The limit is 6 unless otherwise stated on the book description.  I've seen quite a few with a limit of 5.


----------



## luvmy4brats (Nov 9, 2008)

GinnyB said:


> i think its a device limit. 5 is the limit... or maybe i'm confusing with audible.com limitations.


No, there is no device limit.


----------



## Mike D. aka jmiked (Oct 28, 2008)

I wouldn't mind having a definitive answer on this if someone learns it. I've seen messages from people that have claimed that you have to call Amazon to get the licenses restored. I'm not in any danger of hitting a limit, I'd just like to know.

Mike


----------



## Linjeakel (Mar 17, 2010)

Well I've managed to get the books to download. I had archived them on my iPod Touch, but even though I made sure to sync that with Amazon, it still didn't free up a licence. I had to archive it from my Kindle for PC app and sync that to get it to work. I'm not sure why taking if off the iPod didn't work. And I checked the error message on the iPad app - it definitely suggests you need to deregister a device to free up a licence - no suggestion that merely archiving it from one of them would free up a licence.

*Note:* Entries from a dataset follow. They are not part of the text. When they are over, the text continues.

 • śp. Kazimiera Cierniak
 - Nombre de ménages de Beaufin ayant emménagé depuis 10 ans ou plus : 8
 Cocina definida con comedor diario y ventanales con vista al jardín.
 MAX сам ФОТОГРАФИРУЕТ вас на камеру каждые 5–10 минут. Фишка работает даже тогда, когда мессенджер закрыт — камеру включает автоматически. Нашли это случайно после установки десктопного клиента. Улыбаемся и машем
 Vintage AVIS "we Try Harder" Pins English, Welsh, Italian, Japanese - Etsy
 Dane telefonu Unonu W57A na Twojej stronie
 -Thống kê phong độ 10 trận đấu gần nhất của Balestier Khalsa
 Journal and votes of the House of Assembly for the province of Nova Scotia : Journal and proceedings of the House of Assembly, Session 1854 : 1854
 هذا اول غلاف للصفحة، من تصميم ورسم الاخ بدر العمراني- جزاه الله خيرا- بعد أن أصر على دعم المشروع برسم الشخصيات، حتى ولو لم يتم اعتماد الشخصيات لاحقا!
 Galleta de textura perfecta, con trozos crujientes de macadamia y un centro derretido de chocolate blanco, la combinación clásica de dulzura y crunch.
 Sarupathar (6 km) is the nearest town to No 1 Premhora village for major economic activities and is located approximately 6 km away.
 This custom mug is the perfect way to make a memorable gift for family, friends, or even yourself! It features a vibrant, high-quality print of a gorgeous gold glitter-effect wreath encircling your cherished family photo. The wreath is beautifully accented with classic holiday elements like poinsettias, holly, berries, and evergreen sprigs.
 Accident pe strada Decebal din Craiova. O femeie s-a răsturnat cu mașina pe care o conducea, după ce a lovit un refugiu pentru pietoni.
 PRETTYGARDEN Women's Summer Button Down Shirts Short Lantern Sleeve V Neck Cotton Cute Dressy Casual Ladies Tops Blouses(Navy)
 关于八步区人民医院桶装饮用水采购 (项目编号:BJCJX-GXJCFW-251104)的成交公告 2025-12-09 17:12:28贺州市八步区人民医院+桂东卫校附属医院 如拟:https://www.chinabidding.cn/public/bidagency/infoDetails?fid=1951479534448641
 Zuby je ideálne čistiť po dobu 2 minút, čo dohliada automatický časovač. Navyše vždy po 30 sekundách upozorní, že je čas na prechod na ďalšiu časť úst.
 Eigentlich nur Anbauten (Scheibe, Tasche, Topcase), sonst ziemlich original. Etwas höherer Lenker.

Having solved that problem I now have another one, in that on the iPad I can't seem to archive anything once it's downloaded. The 'edit' button that's on the top left of the Home Screen on the iPod doesn't appear on the Home Screen on the iPad. All I can say is that it's a good job I don't intend to do an awful lot of reading on the iPad because it's already been a very frustrating experience just trying to do the most basic of things on this app. Not to mention, I downloaded the upgrade and now I have double columns on landscape mode and apparently no choice to change it.


----------



## pidgeon92 (Oct 27, 2008)

Linjeakel said:


> Having solved that problem I now have another one, in that on the iPad I can't seem to archive anything once it's downloaded.


Hold your finger down on the book cover on the home screen. A small red X will appear in the upper left corner. Click that and the book will be archived.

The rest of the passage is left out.